■ Activity
Below are the records; extract from them the line containing "Accessory set for" to the line containing "Iranian powerlifter Rouhollah", both lines included, exactly and with no pictures.

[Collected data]

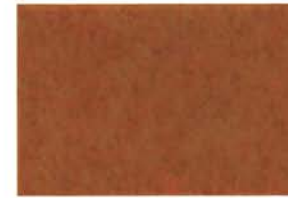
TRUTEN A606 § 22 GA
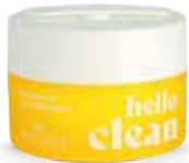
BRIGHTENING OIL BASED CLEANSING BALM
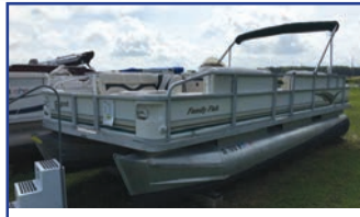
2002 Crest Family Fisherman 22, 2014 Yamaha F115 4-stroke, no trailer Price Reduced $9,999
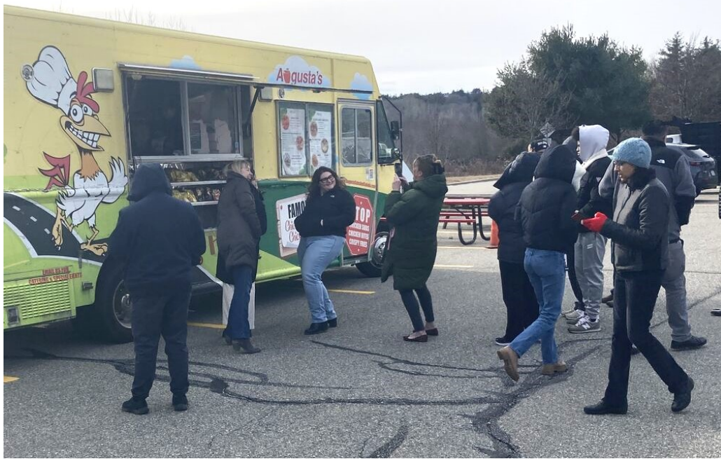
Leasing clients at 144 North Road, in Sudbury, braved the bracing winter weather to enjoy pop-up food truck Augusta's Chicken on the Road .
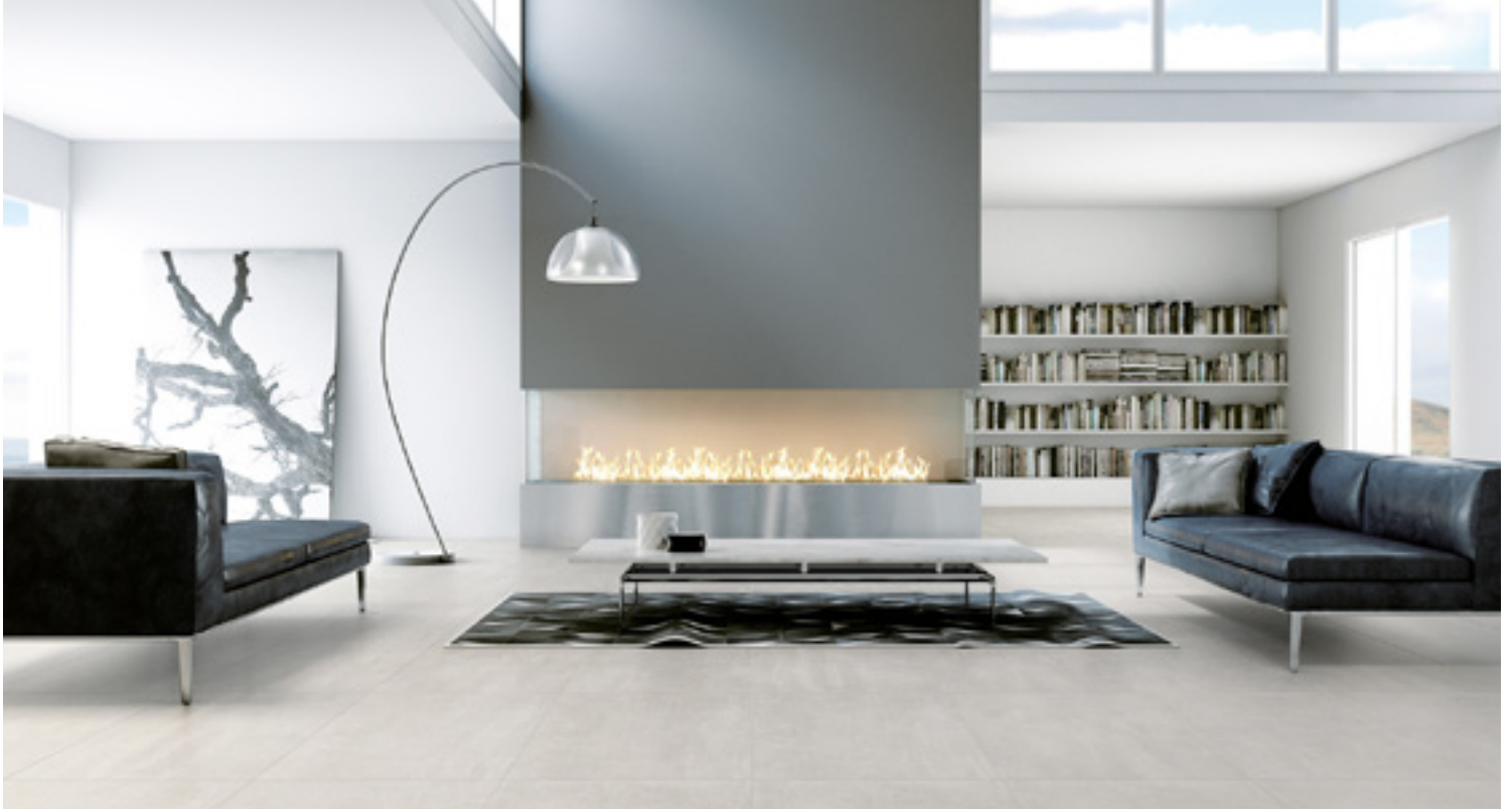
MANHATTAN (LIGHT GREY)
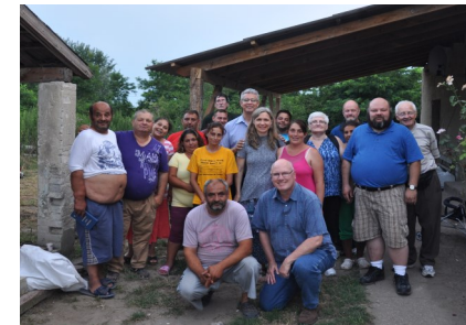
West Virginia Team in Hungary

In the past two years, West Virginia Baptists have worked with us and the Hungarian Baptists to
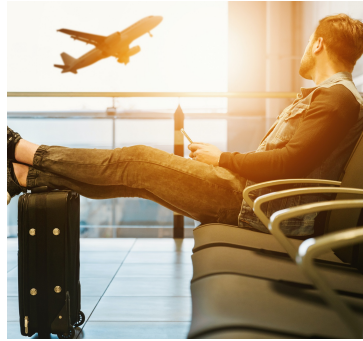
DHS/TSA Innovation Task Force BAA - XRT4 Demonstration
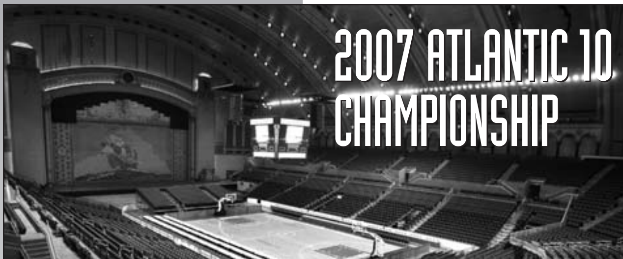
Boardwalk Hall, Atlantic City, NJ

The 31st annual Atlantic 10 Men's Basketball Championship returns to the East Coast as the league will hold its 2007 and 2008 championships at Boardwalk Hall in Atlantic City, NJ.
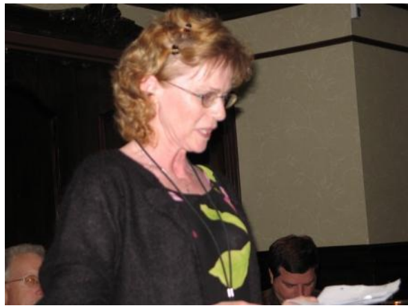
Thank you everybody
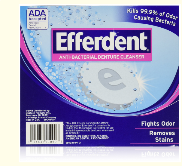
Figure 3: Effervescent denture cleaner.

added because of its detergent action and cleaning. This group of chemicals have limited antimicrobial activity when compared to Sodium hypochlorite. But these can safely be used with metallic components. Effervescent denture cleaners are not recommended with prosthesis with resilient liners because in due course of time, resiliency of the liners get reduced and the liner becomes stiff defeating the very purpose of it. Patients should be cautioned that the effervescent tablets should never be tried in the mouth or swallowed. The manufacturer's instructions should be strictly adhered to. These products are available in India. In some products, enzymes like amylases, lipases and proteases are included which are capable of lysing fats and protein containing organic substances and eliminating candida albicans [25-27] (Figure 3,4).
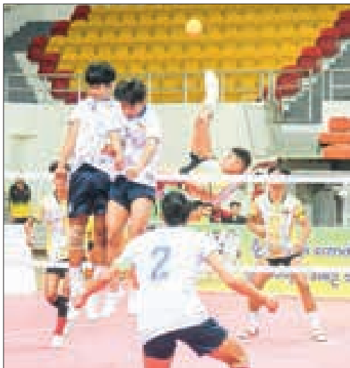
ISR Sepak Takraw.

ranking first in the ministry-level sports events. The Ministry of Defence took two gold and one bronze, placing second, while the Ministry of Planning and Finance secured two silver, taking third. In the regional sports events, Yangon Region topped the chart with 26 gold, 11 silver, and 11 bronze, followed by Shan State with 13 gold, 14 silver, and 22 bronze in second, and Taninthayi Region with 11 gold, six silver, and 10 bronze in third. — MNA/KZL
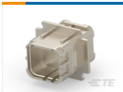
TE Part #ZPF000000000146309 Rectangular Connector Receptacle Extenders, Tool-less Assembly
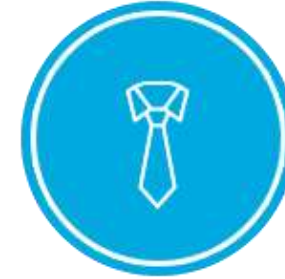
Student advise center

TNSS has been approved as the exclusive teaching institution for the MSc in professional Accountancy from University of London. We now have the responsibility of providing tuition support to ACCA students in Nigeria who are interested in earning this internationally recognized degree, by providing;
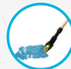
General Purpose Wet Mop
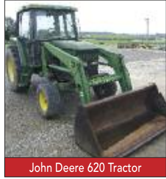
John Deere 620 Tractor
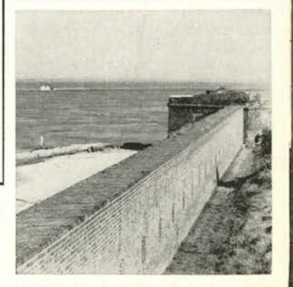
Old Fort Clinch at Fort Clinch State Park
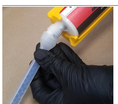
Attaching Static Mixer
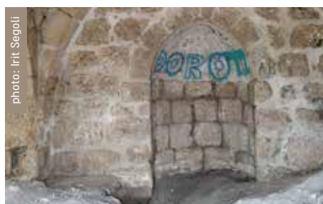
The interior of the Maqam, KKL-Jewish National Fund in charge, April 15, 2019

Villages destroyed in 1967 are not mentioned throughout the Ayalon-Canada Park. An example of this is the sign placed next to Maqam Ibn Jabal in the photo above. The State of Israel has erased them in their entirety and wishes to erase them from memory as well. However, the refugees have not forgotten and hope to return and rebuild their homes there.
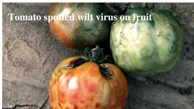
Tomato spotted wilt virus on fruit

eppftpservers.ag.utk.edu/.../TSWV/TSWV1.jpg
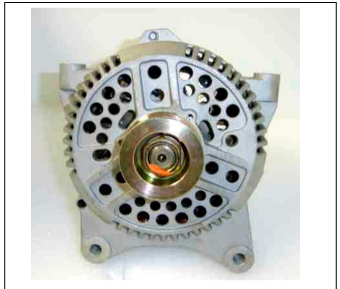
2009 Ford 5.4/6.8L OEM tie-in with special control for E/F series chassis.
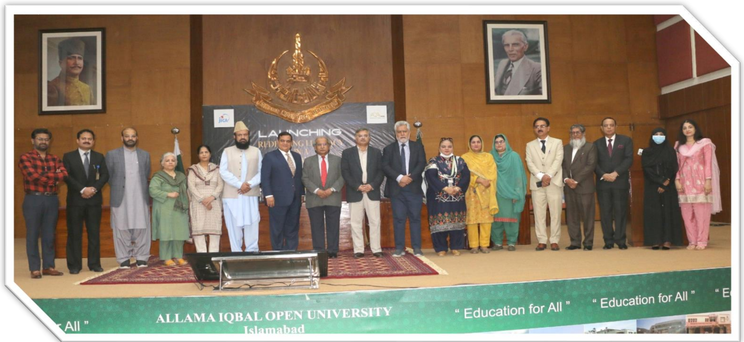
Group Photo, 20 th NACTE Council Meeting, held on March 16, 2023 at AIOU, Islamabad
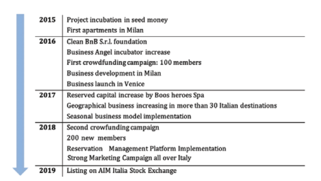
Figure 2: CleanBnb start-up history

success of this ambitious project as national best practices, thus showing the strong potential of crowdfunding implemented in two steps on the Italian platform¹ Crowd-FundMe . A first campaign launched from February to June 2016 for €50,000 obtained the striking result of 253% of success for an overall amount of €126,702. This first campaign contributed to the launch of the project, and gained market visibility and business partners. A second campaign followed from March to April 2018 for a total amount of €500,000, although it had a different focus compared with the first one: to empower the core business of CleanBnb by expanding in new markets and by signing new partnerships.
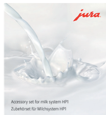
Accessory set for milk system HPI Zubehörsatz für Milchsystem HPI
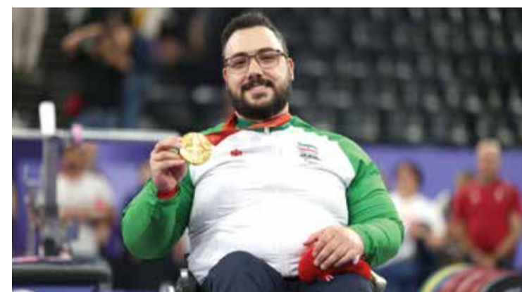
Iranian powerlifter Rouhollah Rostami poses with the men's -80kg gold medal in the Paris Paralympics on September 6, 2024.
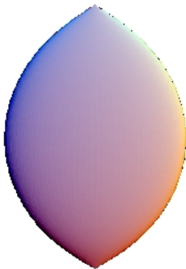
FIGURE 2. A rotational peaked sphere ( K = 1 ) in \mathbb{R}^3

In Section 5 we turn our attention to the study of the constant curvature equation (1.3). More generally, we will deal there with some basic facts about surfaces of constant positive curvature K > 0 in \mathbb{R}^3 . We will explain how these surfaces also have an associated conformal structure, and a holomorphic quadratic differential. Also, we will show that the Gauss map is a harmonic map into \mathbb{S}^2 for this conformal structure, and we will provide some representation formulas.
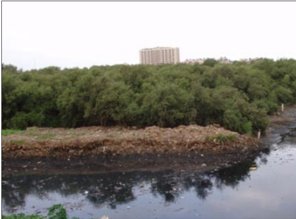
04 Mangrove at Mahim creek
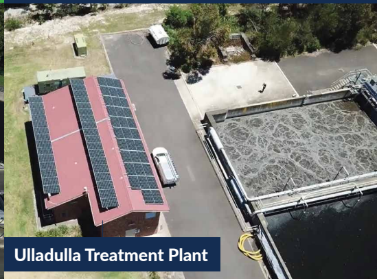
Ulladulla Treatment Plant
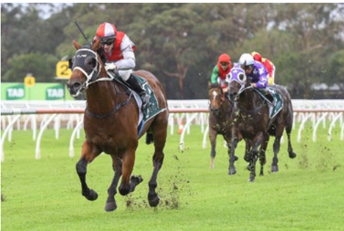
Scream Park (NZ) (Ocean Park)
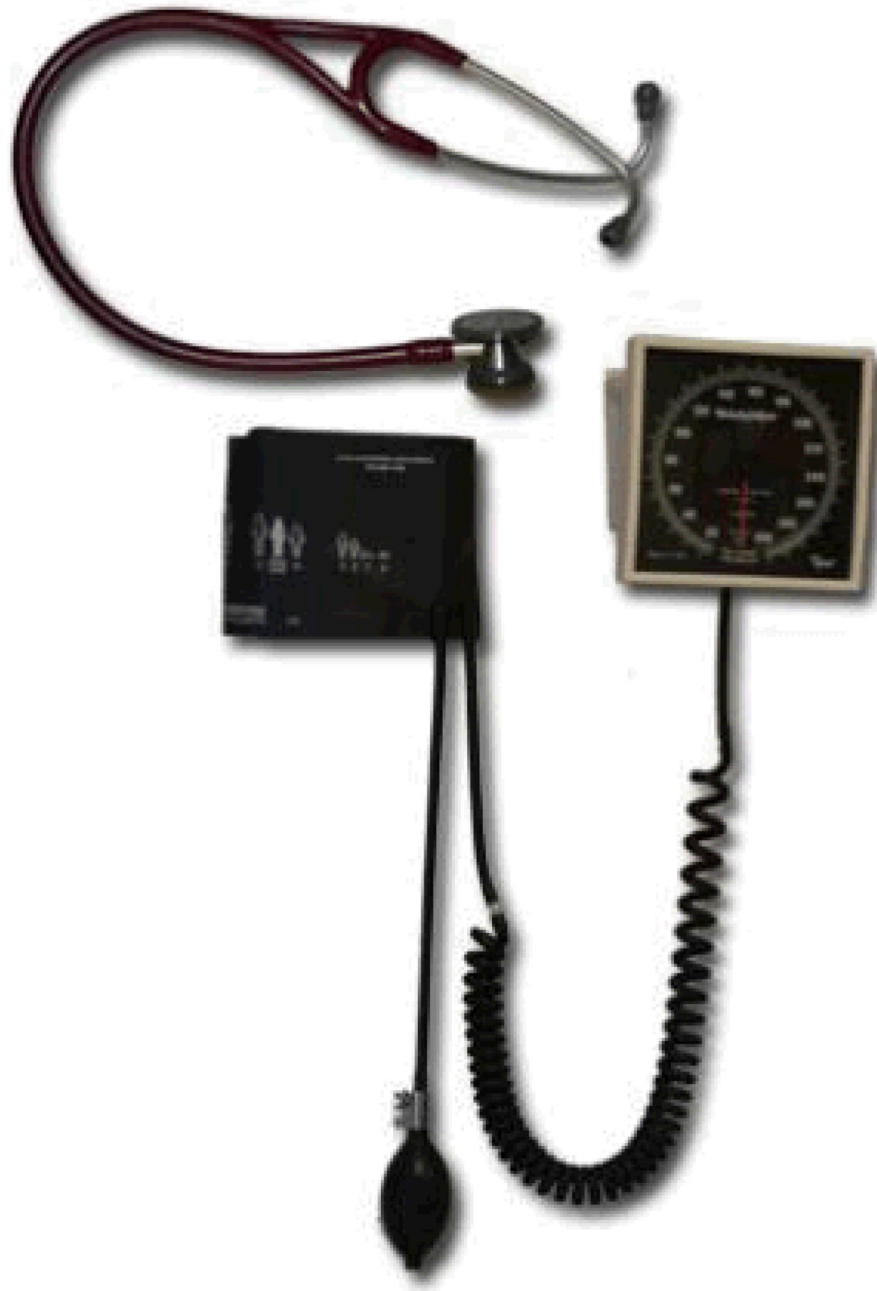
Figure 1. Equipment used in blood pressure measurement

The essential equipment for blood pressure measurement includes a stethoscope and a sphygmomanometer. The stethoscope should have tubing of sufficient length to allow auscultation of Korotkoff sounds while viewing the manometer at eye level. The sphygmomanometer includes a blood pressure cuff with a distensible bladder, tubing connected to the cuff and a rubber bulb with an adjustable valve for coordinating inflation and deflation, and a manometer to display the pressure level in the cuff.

■ Solution
Accessory set for milk system HPI Zubehörsatz für Milchsystem HPI
Iranian powerlifter Rouhollah Rostami poses with the men's -80kg gold medal in the Paris Paralympics on September 6, 2024.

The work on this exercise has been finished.